Chaque semaine, Europe1.fr vous propose un regard décalé sur la campagne présidentielle, dans l'objectif d'un photographe de l'AFP.
Il a littéralement crevé l'écran. Dans un exercice inédit de débat à onze candidats, Philippe Poutou s'est particulièrement distingué mardi, aussi bien par son style vestimentaire que par ses invectives adressées à Marine Le Pen et François Fillon sur les affaires. Au point de devenir un véritable phénomène sur les réseaux sociaux et d'acquérir une légitimité singulière dans la campagne. Quelques minutes avant le début du débat déjà, son attitude contrastait avec celle de ses concurrents, comme a pu le constater le photographe de l'AFP Lionel Bonaventure.
- Choisir le moment
"Comme les autres journalistes, cadreurs et photographes, je suis entré sur le plateau vers 18h30, soit 2h30 avant le début du débat. Cette photo a été prise quelques minutes plus tard. Jacques Cheminade et Philippe Poutou ont été les premiers candidats à venir, depuis les loges, visiter le plateau. Il y avait peu de monde à ce moment-là, une vingtaine de journalistes seulement. Jacques Cheminade était seul, Philippe Poutou était accompagné de cinq ou six de ses soutiens.
Les autres candidats, eux, étaient encore dans les loges. Les journalistes étaient d'ailleurs assez nombreux à l'entrée, à guetter l'arrivée des "gros" candidats. Je me suis donc placé, avec mes collègues photographes et une équipe de Cnews devant le pupitre de Philippe Poutou quand le producteur de l'émission Jérôme Revon (à droite sur l'image) est venu donner quelques informations au candidat, tels que l'emplacement de la caméra qui allait le filmer et l'emplacement des écrans affichant les temps de parole."
- Décrire une ambiance
"Philippe Poutou m'a semblé assez détendu. Il a parlé quelques instants avec le producteur et a repris le fil de sa discussion avec ses soutiens. Les candidats crédités de plus gros scores par les sondages sont ensuite arrivés sur le plateau. Il y avait un grand contraste entre l'équipe de Philippe Poutou, détendu et habillé de façon simple, et le reste des participants, plus formels et stressés. Philippe Poutou semblait être entouré d'amis. Ses soutiens étaient même plutôt dans le sarcasme et la plaisanterie, même si je n'ai pas pu entendre ce qu'il se disaient.

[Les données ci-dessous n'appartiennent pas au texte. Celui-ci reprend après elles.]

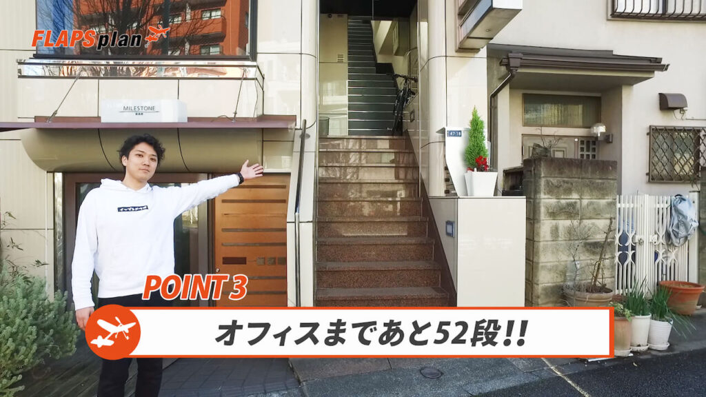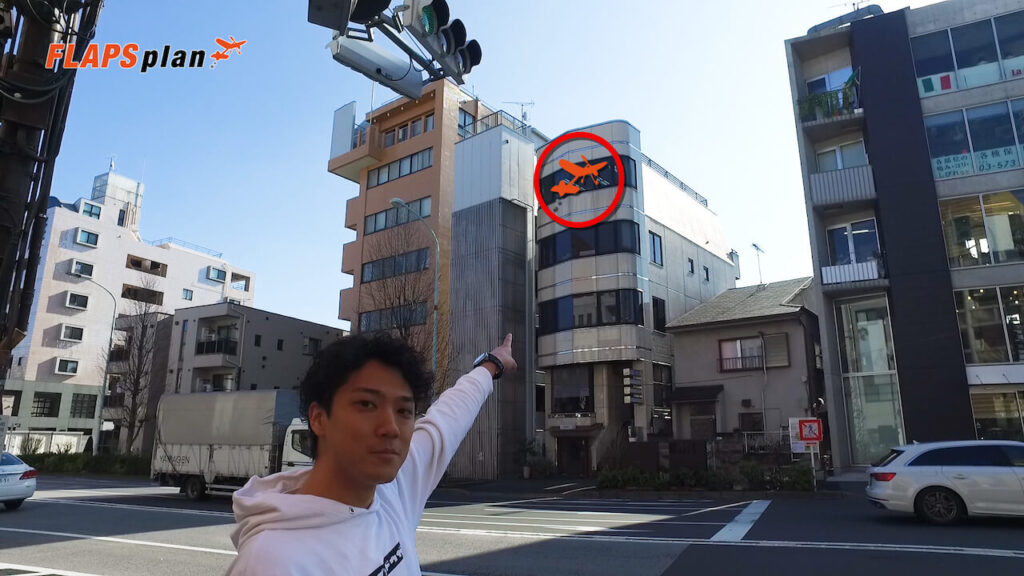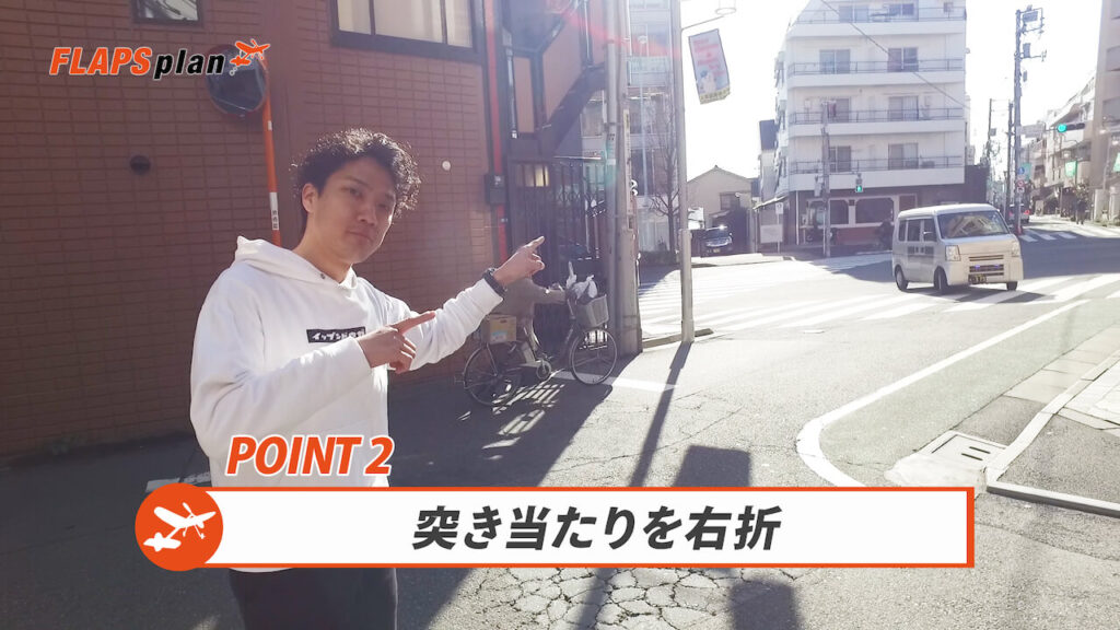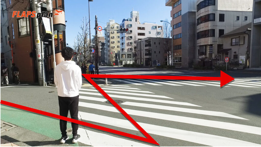5.慎重に反対車線側に渡り、左に42歩で弊社の下に到着します。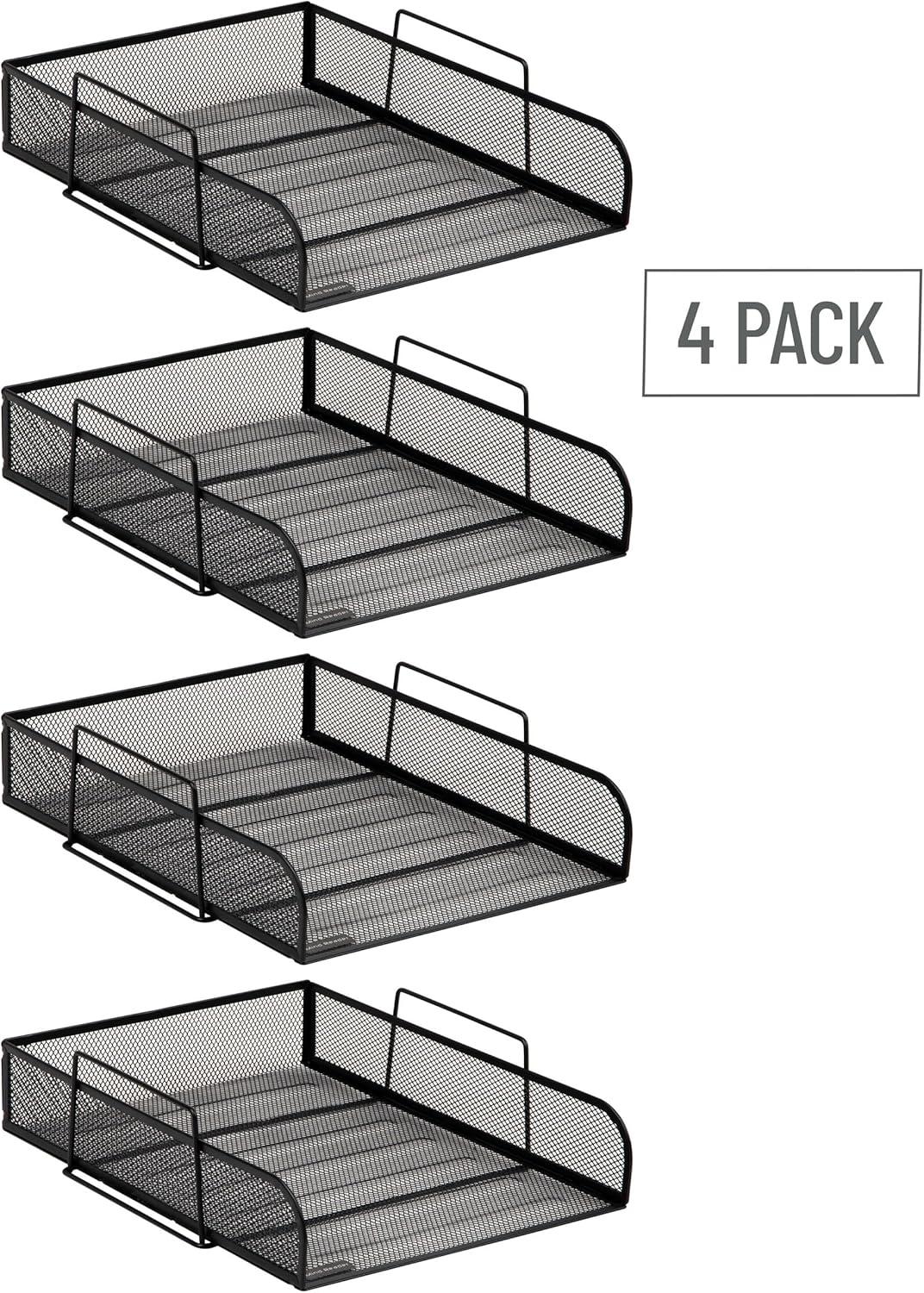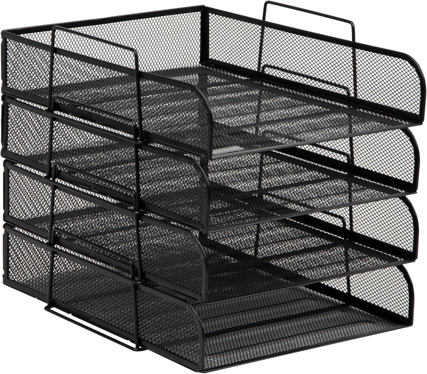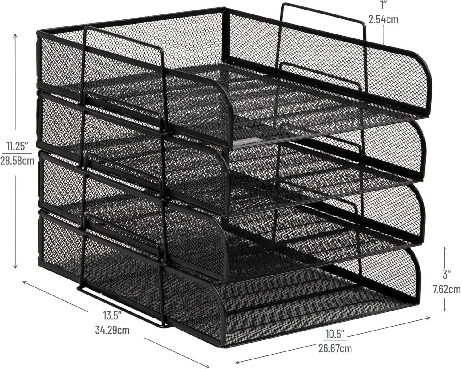 Mind Reader Stackable Paper Tray, Desktop Organizer, File Storage, Office, Metal Mesh, 10.5″ L x 13.5″ W x 11.25″ H, 4 Pcs., Silver(Classic Black)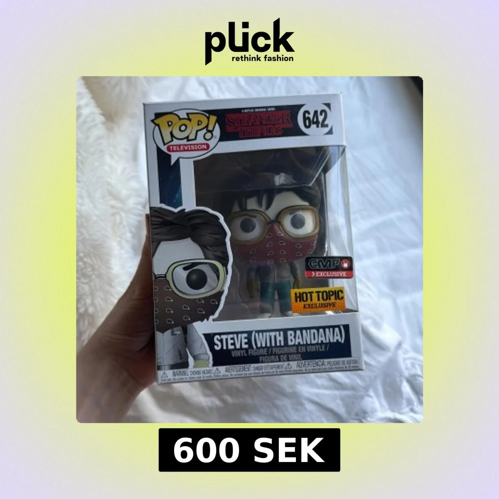 Cool Funko Pop! vinylfigur av Steve från Stranger Things, med bandana och glasögon. Perfekt för fans av serien som vill ha något unikt i sin samling. Limited edition med exklusiva klistermärken från EMP och Hot Topic. Pris kan diskuteras!

Du côté de Marine Le Pen, l'ambiance était plus sérieuse. François Fillon, lui, avait une attitude assez figée. Nicolas Dupont-Aignan semblait aussi avoir un peu de pression."
- Réfléchir au cadrage
"J'ai pris cette photo en contre-plongée car je voulais que son visage se détache du fond composé de chaises vides. Le journaliste de Cnews a alors approché son micro pour poser une question au candidat. C'est à cet instant que j'ai pris la photo. Cette image, pour des raisons de rapidité de diffusion, a été envoyée directement de mon boitier aux éditeurs photos qui, ce soir-là, étaient chargés de recadrer et de légender mes images.
Le micro sur la droite peut symboliser le fait que ce débat était l'occasion pour les "petits" candidats d'avoir la parole mais mon intention première en intégrant cet élément était plutôt de situer l'action sur le plateau de Cnews, co-organisateur de ce premier débat de l'histoire réunissant tous les candidats à une présidentielle.
Je pense, à posteriori, que la personne à gauche de l'image aurait pu être mise hors-champ par le jeu d'un recadrage de l'image qui aurait donné plus d'importance au micro et à l'expression du visage du candidat."
- Donner du sens à une image
"Philippe Poutou était le seul homme à ne pas être en costume. Il me semble que cela est cohérent avec son positionnement sur l'échiquier politique, la classe ouvrière qu'il pense représenter et son désir de ne pas transiger avec ses convictions.
Il a d'ailleurs, quelques minutes plus tard, affirmé sa non appartenance à la classe politique en refusant de faire une photo dite 'de famille' avec l'ensemble des postulants à la présidentielle puis durant le débat en interpellant deux candidats sur les affaires."